# My friends have been calling it the "Joker Rod"



## stoner1892 (Jul 27, 2011)

This is a 6'10" Mag Med Light. I made it for top water. I was satisfied with working skitter walks and super spooks so far. JayCook got me off on the right foot for the spiral inlay. Thanks Jay. I did matching reel knobs and custom reel parts. The wrap is a martini without olives or vice versa. I did microwave guides. the butt and fore grip are acrylic. hope you all like it. I haven't posted in a while.


----------



## troutalex33 (Aug 21, 2012)

*Thats "Tight"*

I really like your grips . But the whole rod is killa ! Great job bro !


----------



## 2400tman (Jul 31, 2011)

Absolutely fantastic!!!!!!!! Everything ties together perfect!! 

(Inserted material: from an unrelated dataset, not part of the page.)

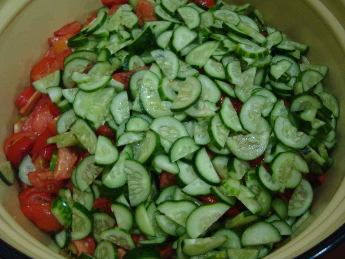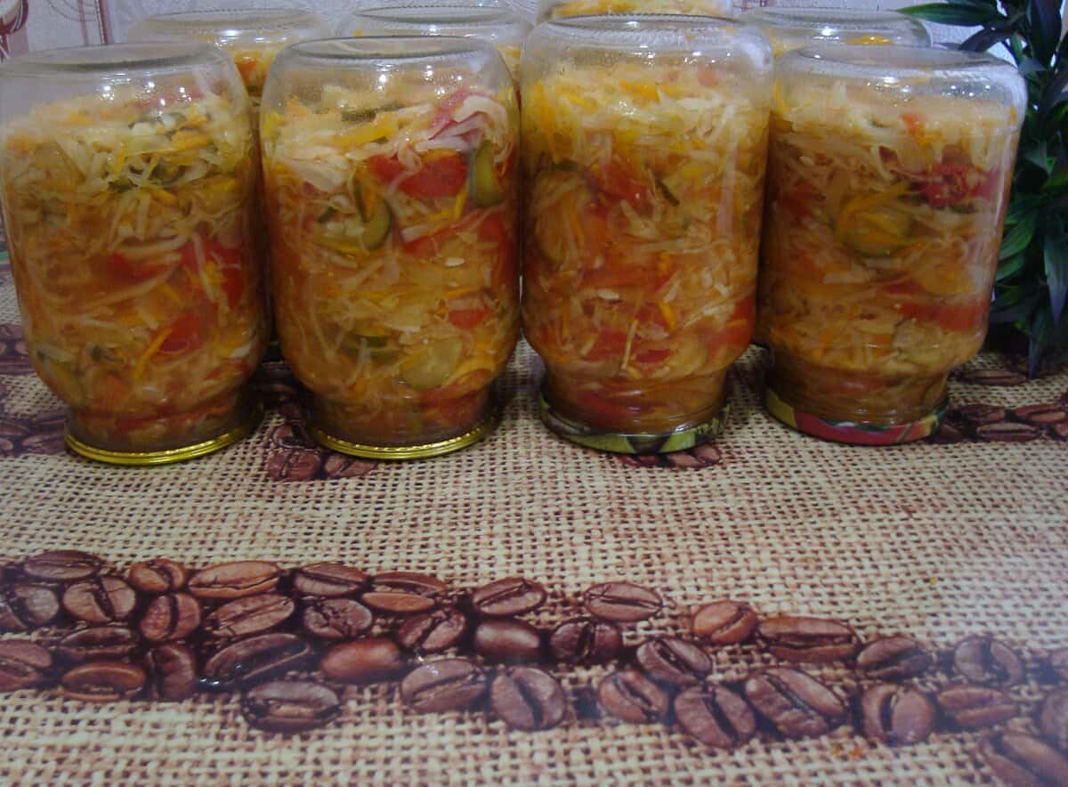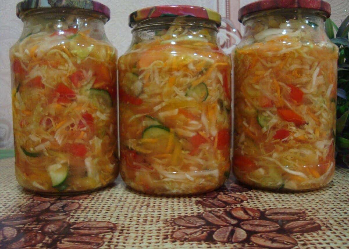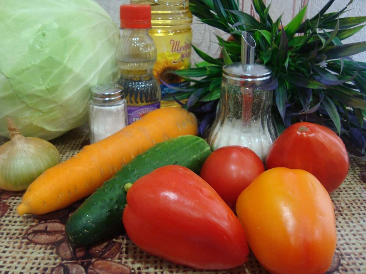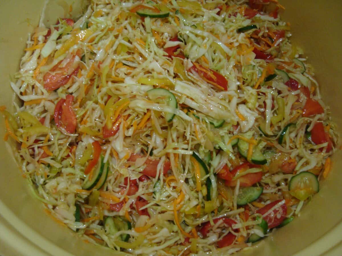 Сьогодні готую улюблений салат з капустою, болгарським перцем, помідорами і огірками. Сусідка по дачі поділилася рецептом салату, я взяла рецепт собі на озброєння, трохи змінивши під свій смак. Коли готую такий салат на зиму, їмо його в свіжому вигляді і консервую на зиму в банки, поповнюю свій підвал улюбленими заготовками. Виходить дуже смачним, красивим, апетитним з приємним ароматом. Відкриваю баночку салату, беру тарілку побільше, тому що з’їдаємо його миттю.

I'm a big fan of bright colors in a rod and green and purple just say BAM!! Luv it!!


----------



## 2400tman (Jul 31, 2011)

Post up a pic of your guide wraps please


----------



## stoner1892 (Jul 27, 2011)

Thanks guys. I was a little disappointed that the wrap tie downs showed the blank underneath usually I a very cautious on a white blank. I guess taking the picture against a dark back ground didn't help matters. Here are the pictures that you requested TMan


----------



## jreynolds (Jul 19, 2010)

Man that thing is awesome! Very very nice. Thank you for sharing.


----------



## mark blabaum (Dec 6, 2007)

Very nice work on the whole rod.


----------



## Doc Labanowski (Jan 9, 2006)

That had to be a fun build and even more fun fishing with it.


----------



## Fishsurfer (Dec 14, 2014)

Sweeeet!!!


----------



## katjim00 (Jan 8, 2009)

Man that thing is wild!!!! Nice build


----------



## Goags (May 28, 2004)

That IS wild! Very nice!


----------



## Sisco Kid (Mar 19, 2008)

That's One Cool Ars Rod. WTG


----------



## Seavas (Jun 10, 2014)

very nice!


----------



## Bubba_Bruiser (Jan 13, 2012)

Wow! I'm digging the purple and green!


----------



## Hawglife (Mar 9, 2014)

That thing is amazing, one of the coolest builds I have seen, I really like the contrast with the white blank, and the in your face colors!


----------



## SB09 (Feb 17, 2015)

That is really cool looking.


----------